Berto virou um demônio e pediu a Deus que lhe desse discernimento, para não cometer ali uma atrocidade. Aquela saleta fedia uma loção barata e desodorante vencido, misturado com cheiro de banheiro e desinfetante caseiro. Divisórias mofas exerciam sua tarefa mal sucedida de serem repartições, isolando os ambientes, descumprindo a missão de ocultarem as conversas em voz alta e os berros exaltados de chefes e subordinados neuróticos e estressados.

Aquele bairro tinha se tornado uma grande privada satélite, anexada ao centro velho e abandonado da cidade, um território esquecido por seres civilizados, antro supremo das mais relevantes categorias do tráfico, drogas, armas, contrabandos e piratarias de todos os gêneros imagináveis, prostituição. O lar do crime rigorosamente organizado, refúgio de marginais, imigrantes, putas, travecos, ligeiras, minorias, desempregados, miseráveis e mais miseráreis, mas nenhum culpado.

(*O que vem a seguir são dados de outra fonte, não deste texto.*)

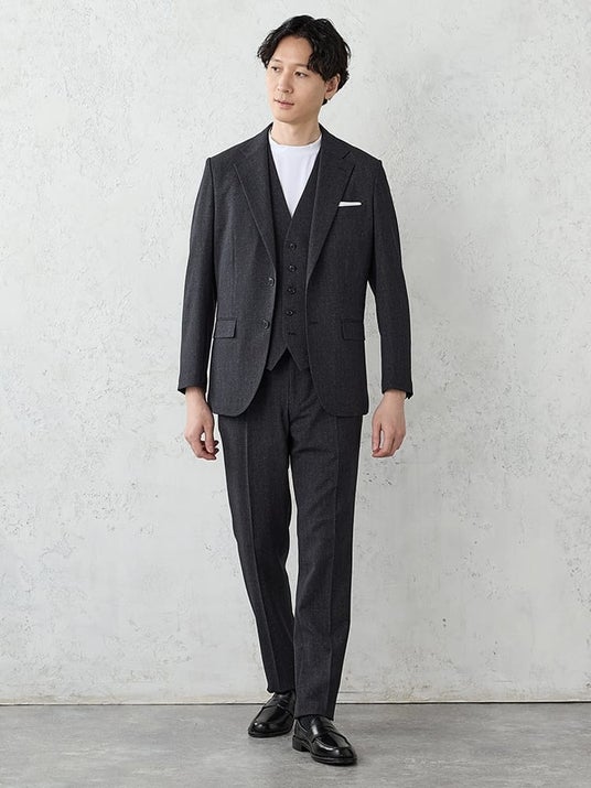 【価格】 ジャケット:19,900円(税別)、ベスト:9,900円(税別)、パンツ:9,900円(税別) 【サイズ展開】 ジャケット SS-LL / AB体M-LL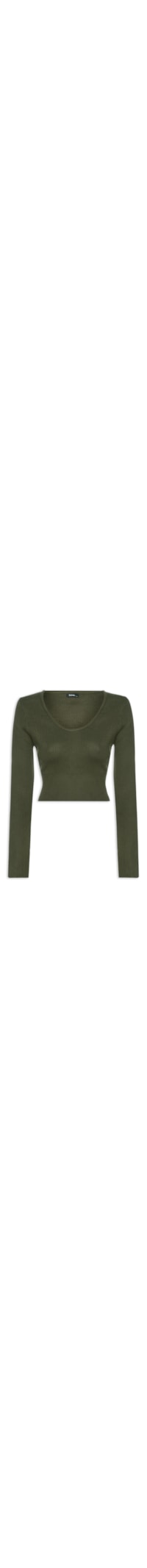 A blusa verde é confeccionada em tricot canelado com alta elasticidade. A peça solta ao corpo possui decote redondo, mangas longas e comprimento cropped*.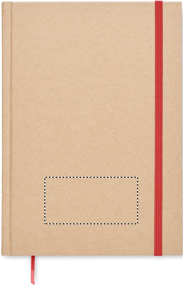 A5 notebook with hard recycled carton cover. Casebound. 200 lined recycled paper pages (100 sheets/80 gsm). Elastic closure strap and ribbon page-marker. Made in EU.

Dizer que não é fácil ser honesto no paraíso dos corruptos seria inocência demais, honestidade e dignidade não existem, são basicamente impossíveis de serem praticadas, num lugar como este. O próprio ar em si é corrompível, as ruas não alimentam o crime, o crime alimenta as ruas, sem ele não há forma de vida aqui; e ninguém é culpado.